The proposal from the German National Ethics Council has had a mixed reception, with opposition coming from politicians and a doctors' organisation.
The council's paper, published in April, was designed as an urgent response to the plight of the 12000 German patients waiting for organs by asking for a change in legislation. Every year about 1000 patients die while awaiting a transplant.
The council, which is independent, issues regular statements and opinion papers on important ethical topics (www.ethikrat.org). It has up to 25 members who represent scientific, medical, theological, philosophical, social, legal, ecological, and economic interests.
The current German law on transplants, which dates from 1997, does not assume that everyone is prepared to be a donor after death. It requires that donors—or relatives—have opted in to the idea, either by the donor carrying a card, if available, or by the relatives giving permission when the patient is brain dead. The council wants to change this to an opt-out system where everybody is assumed to have consented unless they have previously registered their objection.
Their objection could, for instance, be registered on their health card—which is currently subject to trials and which in future everybody may have to carry at all times.
However, as a first step the council recommends that the population should be comprehensively informed about organ donation so that everybody has the chance to make an informed decision. Furthermore, the new law, the council proposes, should oblige hospitals to report all potential organ donors.
“The hope that the transplant law of 1997 would increase the number of organ donors has not been fulfilled,” says the council's paper.
“This is not just a problem of organisation but is due to the fact that by law organ donation is dependent on the potential donor's or the relatives' consent.”
The council acknowledges that positive developments in organ donation have occurred. From 2000 to 2006 the number of organ donors in Germany rose from just over 1000 to 1259. Last year, for the first time, more than 4000 patients in Germany received a transplant. But it says that further progress is needed.
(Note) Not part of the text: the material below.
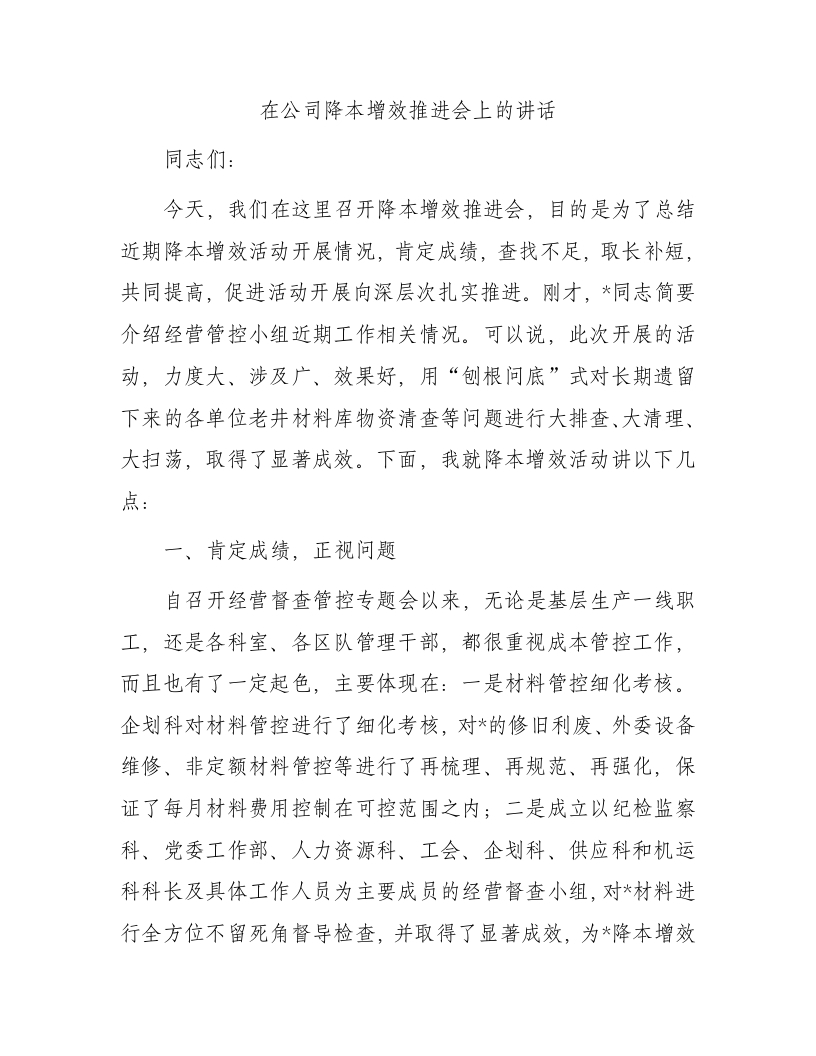 / 在公司降本增效推进会上的讲话
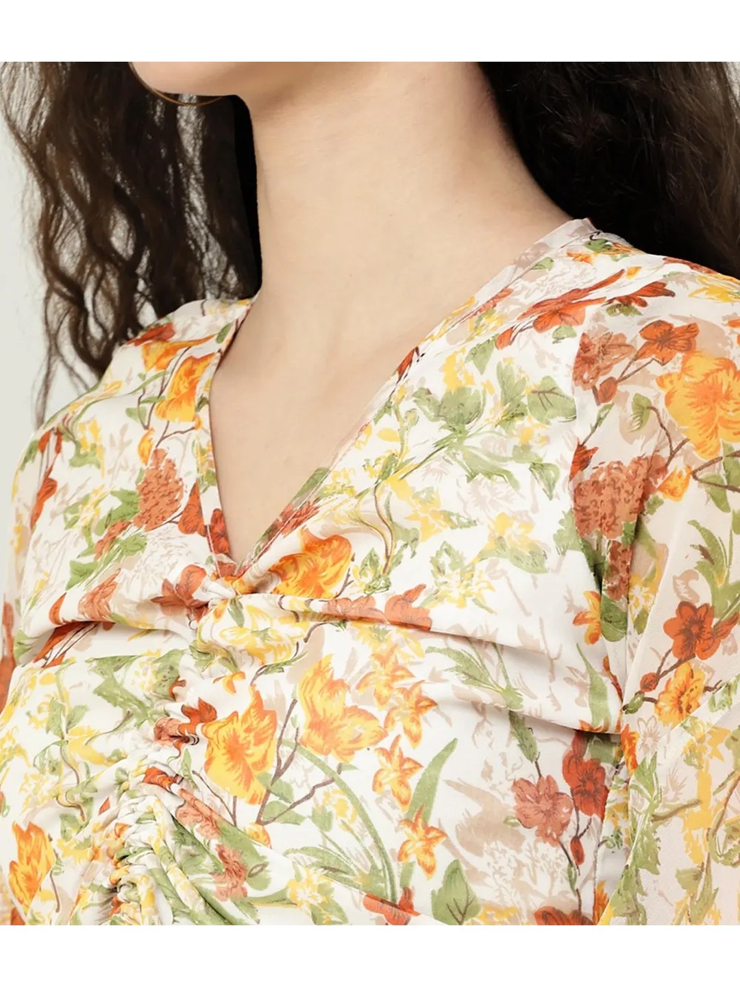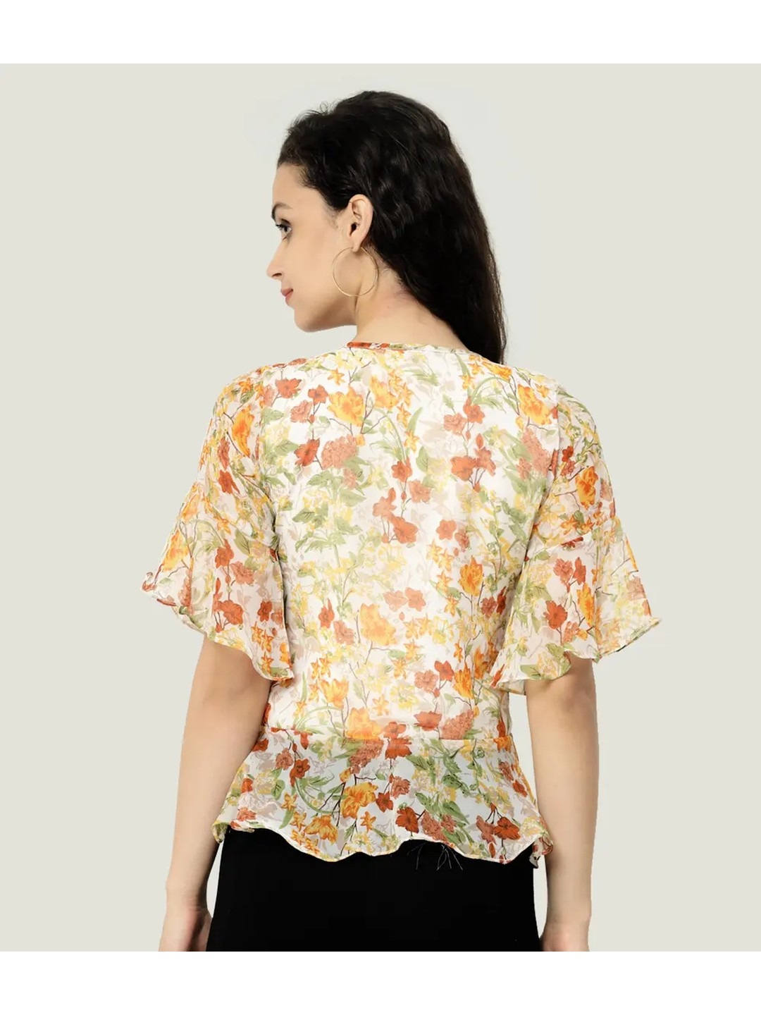 Product Name: Orange Floral Front Tie-Up Top for Women

Reacting to the publication of the paper, the main transplantation recruitment organisation in Germany, Deutsche Stiftung Organtransplantation (the German Foundation of Organ Transplantation), said that before a new law was introduced more should be done to increase the number of available transplants under the present system, through working with hospitals and the public.
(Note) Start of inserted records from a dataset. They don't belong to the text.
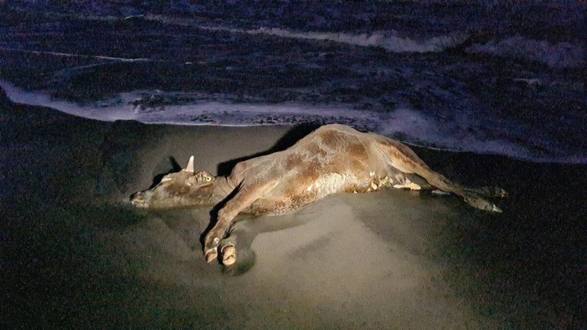 Zonguldak'ın Ereğli ilçesine bağlı Belediye Plajlar mevkiinde, kıyıya inek ölüsü vurdu.
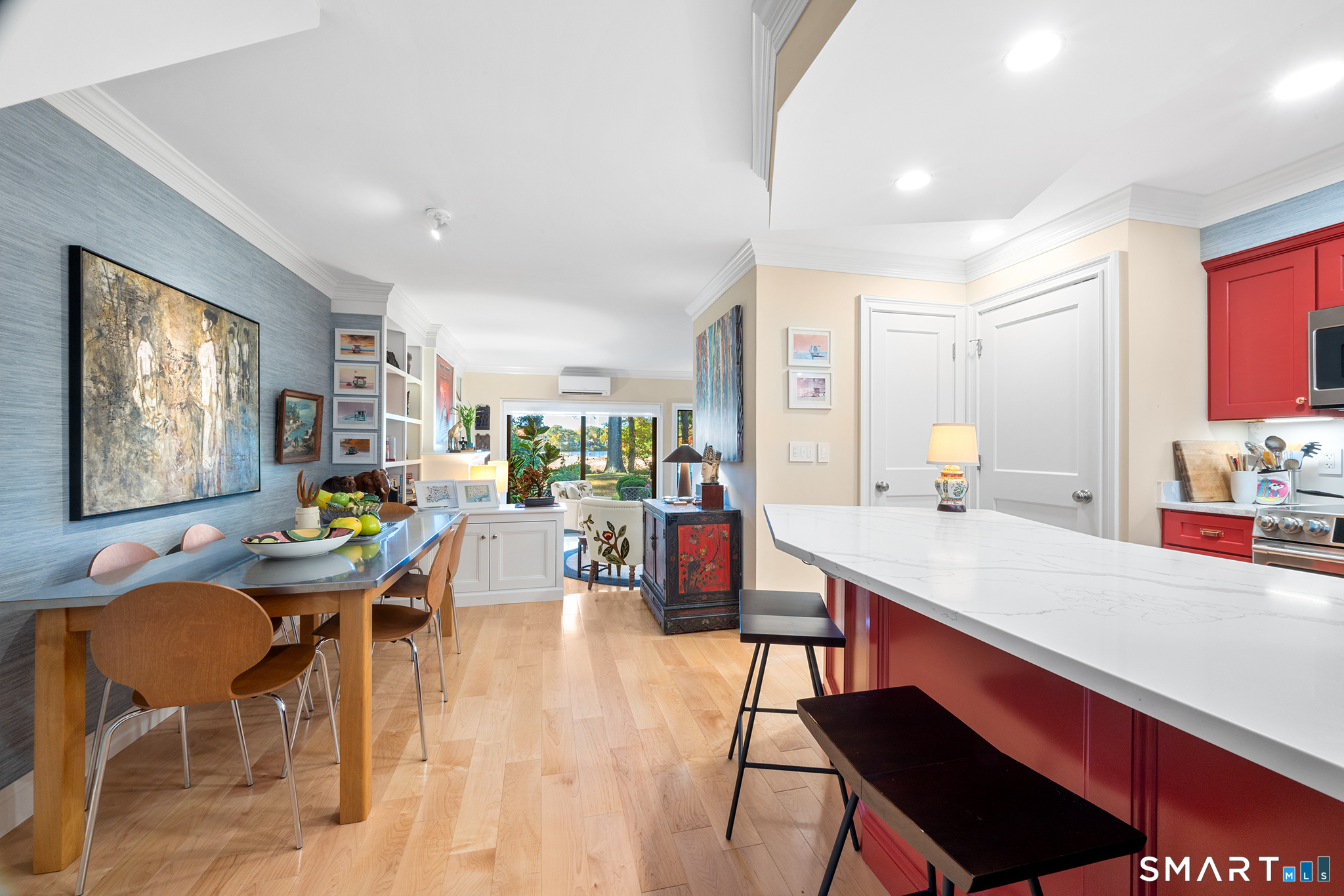 Rarely available three floor townhouse in Heritage Cove in Essex, CT. This renovated and updated unit is perfectly sited directly on North Cove. Features include custom built-ins, a well appointed kitchen with quartz countertops and island. Three bedrooms and 2 and one half baths. The sliding glass doors in the living room lead to an inviting patio with direct cove views. The master bedroom has a balcony overlooking the cove - perfect for your morning coffee. After breakfast you can stroll into Essex Village, take a dip in the pool or go out onto North Cove in your canoe or kayak. There is also a Storage Unit in the basement of each building. Essex is located equal distance between New York and Boston and the complex is only 7 miles away from the Amtrak station in Old Saybrook. Don't miss this turnkey property whether it is for year round use or your summer oasis.
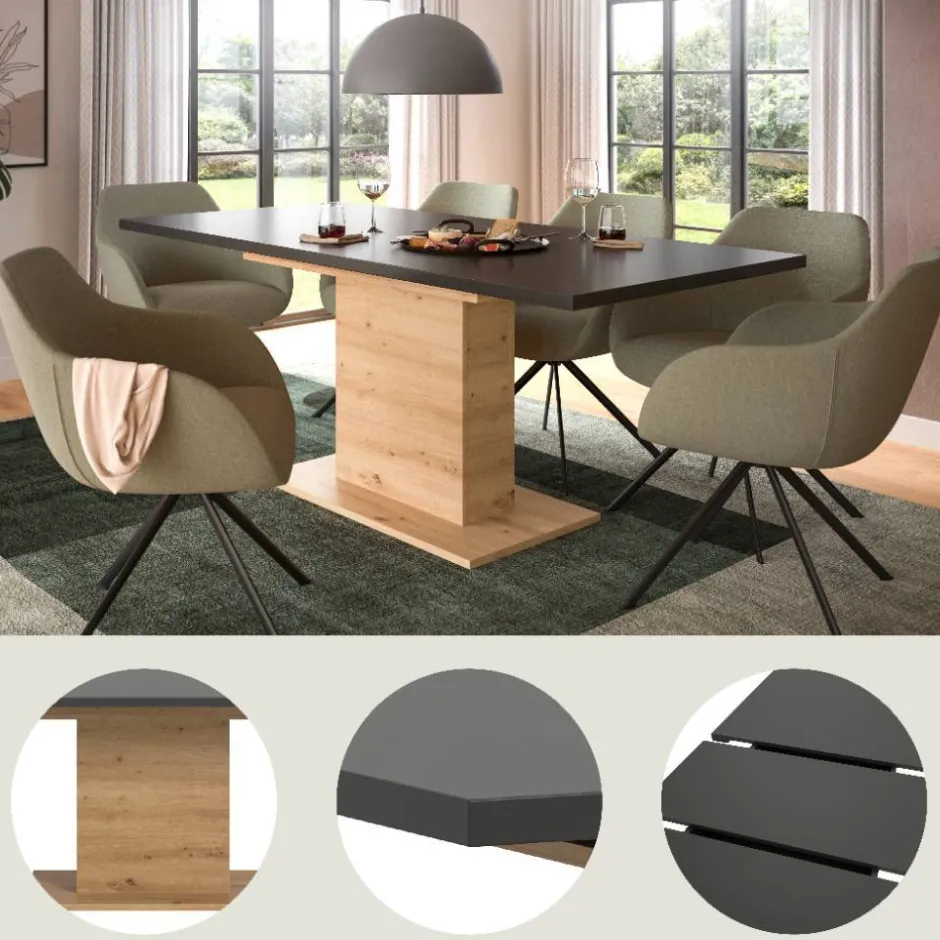 - Solider Esstisch in Grau und Holzoptik Wildeiche

The organisation thinks that donation could be increased to 40 organ donors per million people in Germany from the present 15 donors per million, even with the present opt-in system. (In comparison, in countries such as Spain and Austria, which have opt-out systems, the number of donors has already reached between 24 and 35 donors per million.)
The views of the Deutsche Stiftung Organtransplantation were echoed by the German Medical Association. “There is no need for a new law,” said Hans Lilie, chairman of the association's transplantation committee. He said it would be better to concentrate on providing more information to the public.
Most politicians were also opposed to the council's proposal of an opt-out system, insisting that organ donation must be a free decision.
The council responded by saying that the large deficit of transplants required new solutions. “However, we did not just suggest an opt-out system but first wanted to establish a safe way that people could register consent or dissent,” said Kristiane Weber-Hassemer, the council's chairwoman. “It appears that the critics have not read our paper.”